As a green renewable energy source, biomass has a zero-greenhouse gas emission characteristic and can convert solar energy and carbon dioxide into useful chemical energy. The rational use of biomass energy can not only reduce the consumption of fossil fuels but also effectively reduce environmental pollution. Therefore, the development of biomass energy is important for heat and power generation.(1,2) In the past few decades, woody biomass has mainly been used to produce electricity and heat. Due to the ever-increasing need for woody biomass in other fields (chemical products and liquid biomass fuels), the price of woody biomass has risen.(3−5) As a result, more attention is paid to agricultural waste.

The ash content of agricultural waste is usually much higher than that of the woody biomass, whereas the composition of ash is also more complex and varied.(6) Agricultural waste contains a large amount of alkali metals (potassium and sodium), as well as related inorganic elements including calcium, magnesium, chlorine, and sulfur.(2,6,7) During the combustion process, most of the potassium in the fuels reacts with silicon to form potassium silicates with a low melting point. These potassium-containing compounds with low melting points exist in a molten state and lead to sintering and slagging at the bottom of the furnace.(6−8) When using a fluidized bed as combustion or a gasification reactor, potassium may also react with the bed material to form low-melting eutectic compounds, which results in the agglomeration of particles, hinders fluidization, and even causes failure of the fluidization.(9−11) Some of the potassium-containing compounds evaporate in the gas phase (such as KOH, KCl, K2CO3, and K2SO4) and condense or deposit on the solid or liquid phase on a low-temperature heating surface, eventually destroying the heating surface.(2,6,8,12) Straw is the most common agricultural waste and has considerable potential for development in terms of combustion for heat and electric power.(13) During the combustion process, the chemical reaction mechanism and the theoretical knowledge of straw (mainly wheat, cotton, and maize) ash have been extensively studied...

....In recent years, a variety of chemical additives have been commonly used in industry to alleviate the problems of ash sintering and slagging. However, this may require high investments and may reduce the economic viability of using these additives in industrial applications.(16,17) Therefore, it is necessary to find a new low-cost, environmentally friendly, anti-slagging additive. The co-combustion of a suitable amount of sewage sludge (SS) and potassium-enriched biomass can alleviate the corrosion of the heating surface, which is a good alternative to using chemical additives.(18−22) SS contains a large amount of silicon, aluminum, phosphorus, iron, and calcium. It was found that SS can capture the alkali metals in the straw and react with it to form high-melting-point compounds, reducing the formation of low-melting-point potassium compounds.(23) Therefore, SS can effectively alleviate the problems of sintering and slagging of biomass ash...

...Li et al.(25) studied the reaction mechanism of phosphorus in SS and potassium in wheat straw.
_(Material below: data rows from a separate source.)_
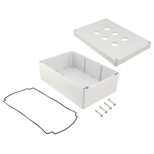This is manufactured by Hammond Manufacturing. The manufacturer part number is 1554MPB6. It is rated with ip66, nema 4,4x,12,13. The product is made from highly stable and reliable plastic, polycarbonate. It is assigned with possible HTSUS value of 3923.10.9000. The product is rohs3 compliant. Features a typical area dimensions of 59.8in² (386cm²). In addition, it is reach unaffected. A type of box container. It carries ul94 5va of material flammability rating. It is shipped in bag. The product's diameters include 9.500" l x 6.300" w (241.30mm x 160.02mm). It has a long 4 weeks standard lead time. Shipping Information: shipped from digi-key. Its typical moisture sensitivity level is not applicable. The splendid features of the product include pushbutton holes - 6, card guides, pcb supports. The typical product's weight is 1.3 lbs (589.7 g). It has a classic gray colour. The product 1554 pb, is a highly preferred choice for users. In addition, the height is 3.500" (88.90mm). Design Information: cover included. Moreover, it corresponds to 1554, a base product number of the product. The product is designated with the ear99 code number
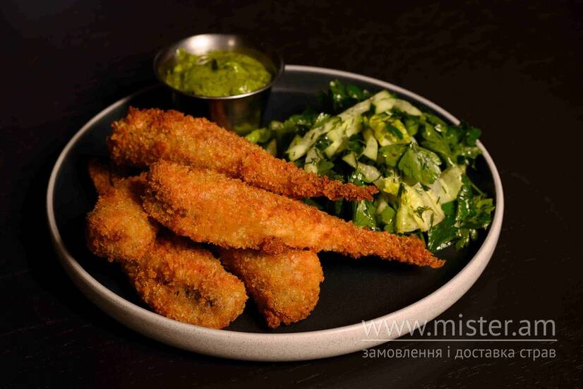 Хрусткі креветки з кропним айолі та салатом
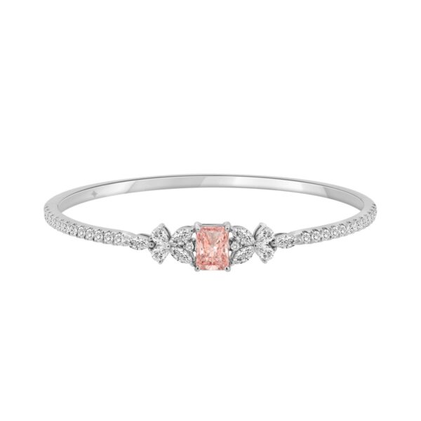 14K WHITE GOLD 3 1/4CT ROUND/PEAR/MARQUISE/PINK RADIANT DIAMOND LADIES BANGLE (CENTER STONE RADIANT DIAMOND 1 1/2CT
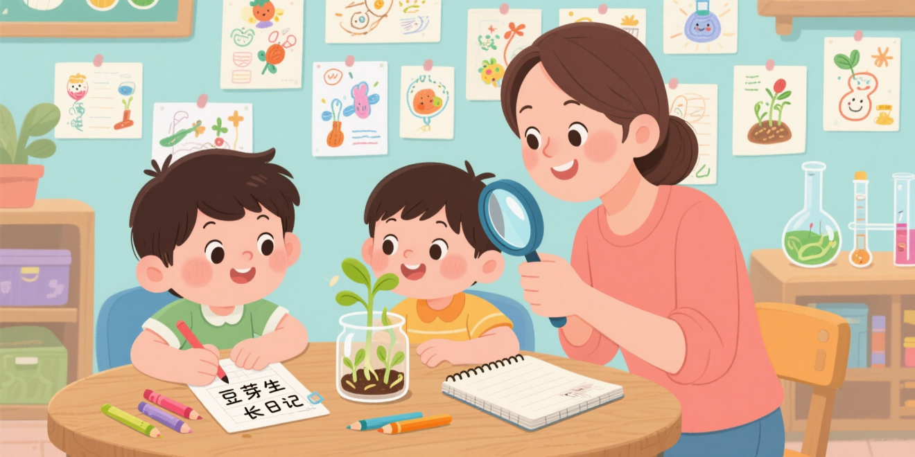 - 做 “资源提供者”:在家中准备放大镜、温度计等简单工具,陪孩子观察 “豆芽生长过程”“月相变化”,记录在 “科学观察本” 上。
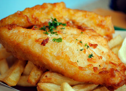 长期以来,炸鱼薯条一直是英国最流行的外卖食品。全境有1.1万多家炸鱼薯条店,这道快餐每年大约能卖出2.55亿份。这一传统美食是将鱼(一般是鳕鱼和黑线鳕)两面裹粉后煎炸,再配上比美式薯条更加粗厚的英式薯条。进餐时的传统配料包括盐、醋、番茄酱或蛋黄酱沙司以及豌豆糊。如果沿着英国海岸旅行,炸鱼薯条堪称经典的海滨晚餐。
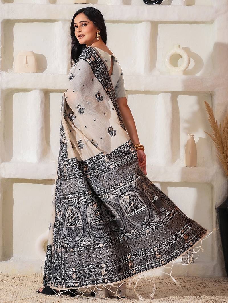 Cream & black color linen cotton saree with blouse
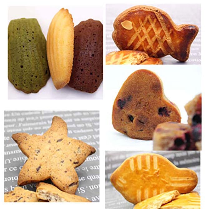 貝の型に仕上げた大人気のパイ菓子「シェルジャン」の他にも貝やおさかな型のかわいい美味しい創作焼き菓子が色々。湘南の海をイメージしたギフトセットです。
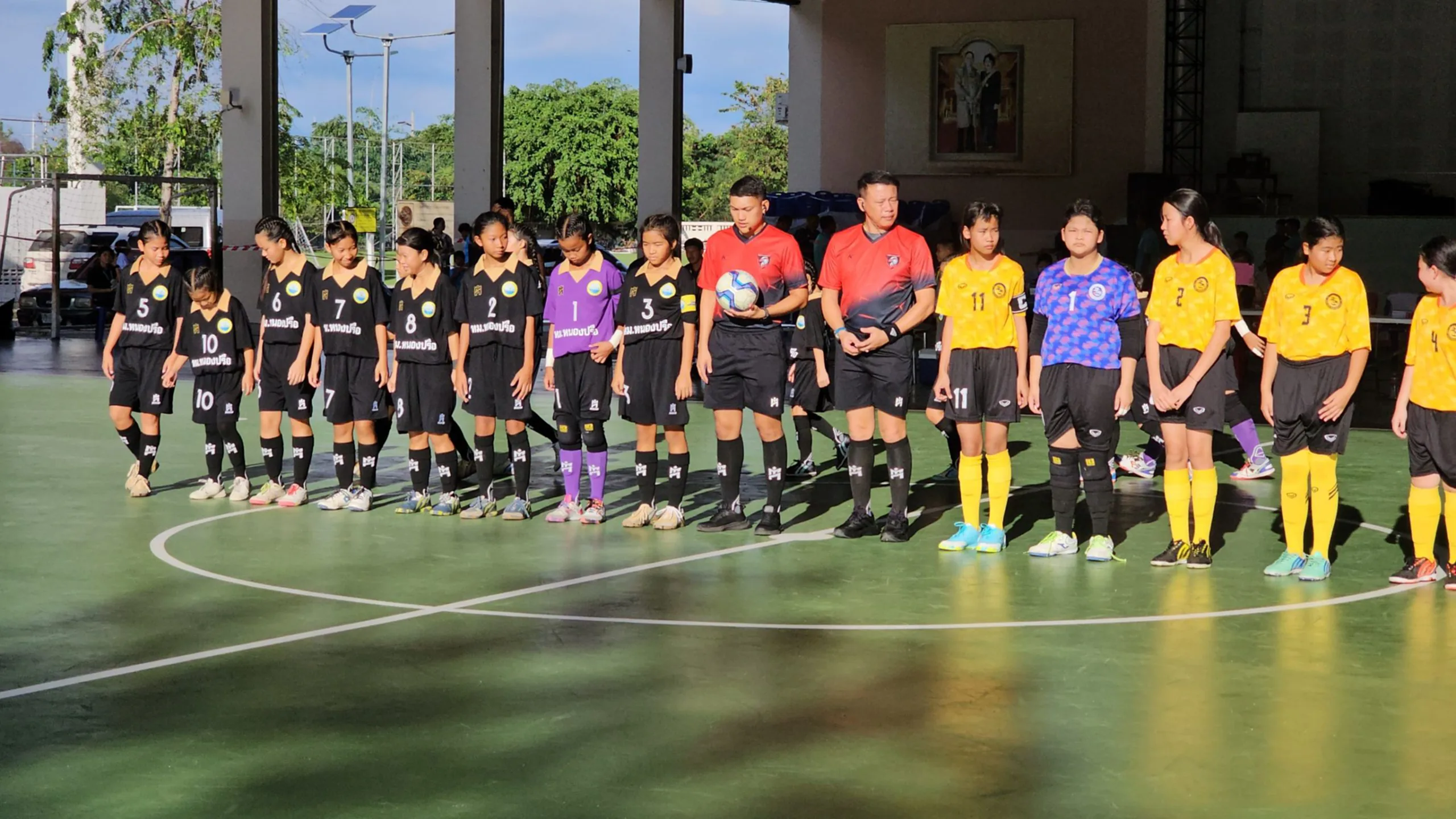 ที่สนามโรงเรียนอนุบาลนานาชาติตากสินระยอง ทีมฟุตซอลหญิง รุ่น 12 ปี ลงสนามนัดแรก เจอกับ ทีม อบจ.ระยอง โดยเกมส์แข่งขันครึ่งละ 15 นาที ส่วนการแข่งขันครึ่งแรก ทีมฟุตซอลหญิง รุ่น 12 ปี ของโรงเรียนอนุบาลเทศบาลเมืองหนองปรือ นักเตะยังมีอาการเกร็งๆ ติดๆขัดๆ แต่เป็นฝ่ายบุกตลอด จบครึ่งแรก เสมอ 0 ประตูต่อ 0

The results showed that the reaction formed high-melting-point potassium aluminosilicate and alkali metal phosphate, which increased the potassium fixation rate of mixed ash. Skoglund et al.(26) conducted a cofiring experiment between biomass and municipal sludge. It was found that the alkali-chloride in biomass ash transformed into alkali metal sulfate after adding SS, which could reduce the risk of alkali metal chloride-related corrosion and slagging.

In general, SS can be used as an anti-slagging additive for the combustion of maize straw (MS), but the scientific evidence for evaluating engineering application feasibility and conducting cost comparison analyses was necessary. The main objective of this work is to study the effect of SS on MS alkali metals’ release characteristics and slagging. The potassium retention rate and the sodium retention rate of MS, SS, and their blends, as well as their slagging characteristics and ash characteristics, were obtained. The results obtained in this experimental study can provide data and theoretical references for sewage sludge’s use as an anti-slagging additive.


This is a Chinese paper and the sewage sludge in this case was dried. (I'm personally not sure that drying the sludge would be a good idea in the long term, as this incurs an energy penalty, but this is their process, not mine.)

They usefully, show the form of the maize straw (MS) and by was of eliminating the puerile silliness and squeamishness associated with this nevertheless important waste form, show a picture of the dried sewage sludge used in their experiments:



The caption:

Figure 1. (a) MS raw material and (b) SS drying raw material.


The maize straw was locally grown:

2.1. Samples. The molding MS used in the experiments originated in Jilin province, China, and is a major crop in northeast China. MS is directly processed in the farmland; a small amount of black soil may be mixed in MS. The MS is first crushed and then compression to form molding MS. SS from Jilin sewage treatment plant was selected, as shown in Figure 1. First, the molding MS and SS were naturally dried and then dried in an air-drying oven at 105 °C to a constant weight. Finally, they were pulverized to obtain particles with a size less than 200 μm. Ultimate and proximate analyses of raw materials are presented in Table 1. The raw samples were ashed in accordance with ASTM/E1755-01. The chemical compositions of the MS and SS ashes were analyzed using X-ray fluorescence (XRF) (ZSX Primusll RIGAKU), and the results are listed in Table 2. To study the effect of SS as an additive on MS ash slagging, the blends of MS−SS with sludge mass ratio in maize straw-sludge mixture of 10 and 20% (by weight) were used and were denoted as M9S1 and M8S2, respectively. The amount of additive was selected based on two factors: (1) the amount of mixed additive should be sufficient to meet the expected reaction requirements, and can significantly reduce the issues related to ash melting and slagging, and (2) the mixing ratio should be practical and feasible. When the additive is mixed, the increased ash content after combustion should not be too high. This is because it becomes difficult for the combustion equipment to remove massive amounts of ash.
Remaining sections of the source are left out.